GOAL OF THE EXERCISE:
Give every line of the material back exactly, images removed.

SUPPLIED INFORMATION:

=== Begin Enclosure ===

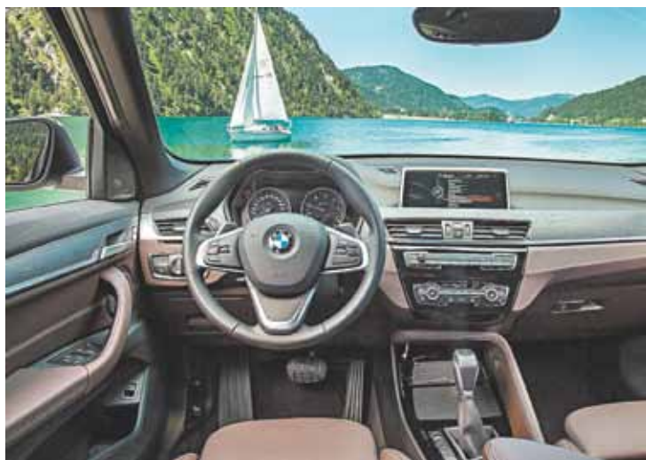
Tecnologia - Sistema BMW ConnectedDrive com serviço de concierge

uma aceleração de 0 a 100 km/h em apenas 6,5 segundos. E, além da segurança em quaisquer situações, a tecnologia xDrive propicia máxima liberdade e versatilidade na condução. O X1 sDrive20i, por sua vez, passa a vir com tração dianteira, o que garante redução de peso, mais eficiência em termos de consumo, além de mais espaço interno na cabine. O novo BMW X1 é comercializado nas concessionárias autorizadas com preços sugeridos de R$ 166.950, R$ 179.950 e R$ 199.950, para as versões sDrive20i GP, sDrive20i X-Line e xDrive25i Sport, respectivamente.
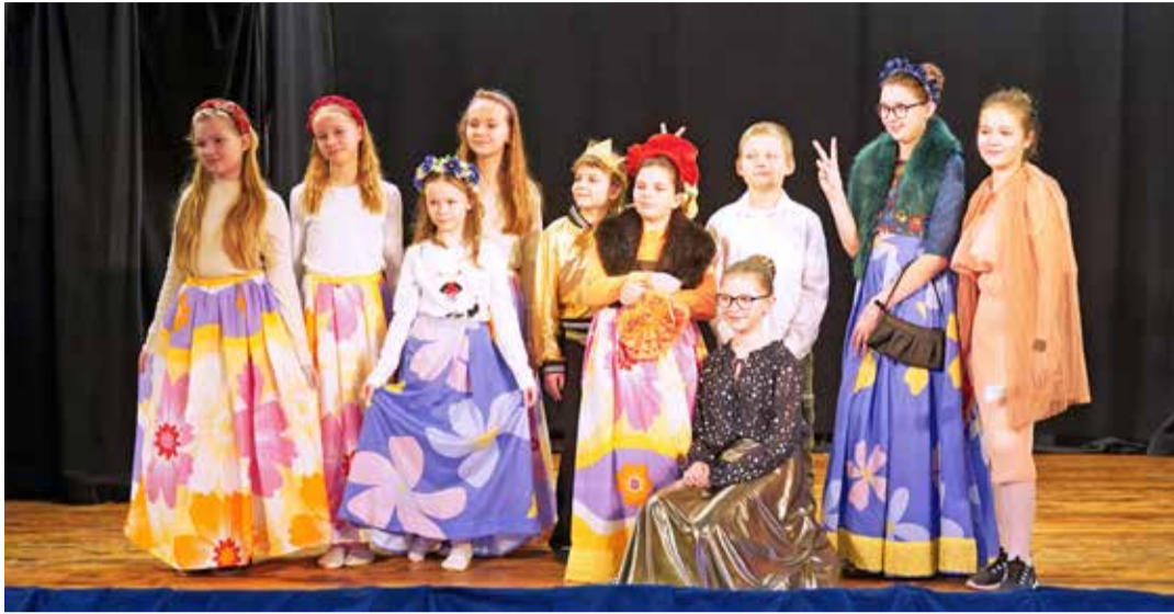
Noorema ja vanema näitetrupi ühispilet.

=== End Enclosure ===

RESPONSE TO THIS EXERCISE:
Tecnologia - Sistema BMW ConnectedDrive com serviço de concierge

uma aceleração de 0 a 100 km/h em apenas 6,5 segundos. E, além da segurança em quaisquer situações, a tecnologia xDrive propicia máxima liberdade e versatilidade na condução. O X1 sDrive20i, por sua vez, passa a vir com tração dianteira, o que garante redução de peso, mais eficiência em termos de consumo, além de mais espaço interno na cabine. O novo BMW X1 é comercializado nas concessionárias autorizadas com preços sugeridos de R$ 166.950, R$ 179.950 e R$ 199.950, para as versões sDrive20i GP, sDrive20i X-Line e xDrive25i Sport, respectivamente.
Noorema ja vanema näitetrupi ühispilet.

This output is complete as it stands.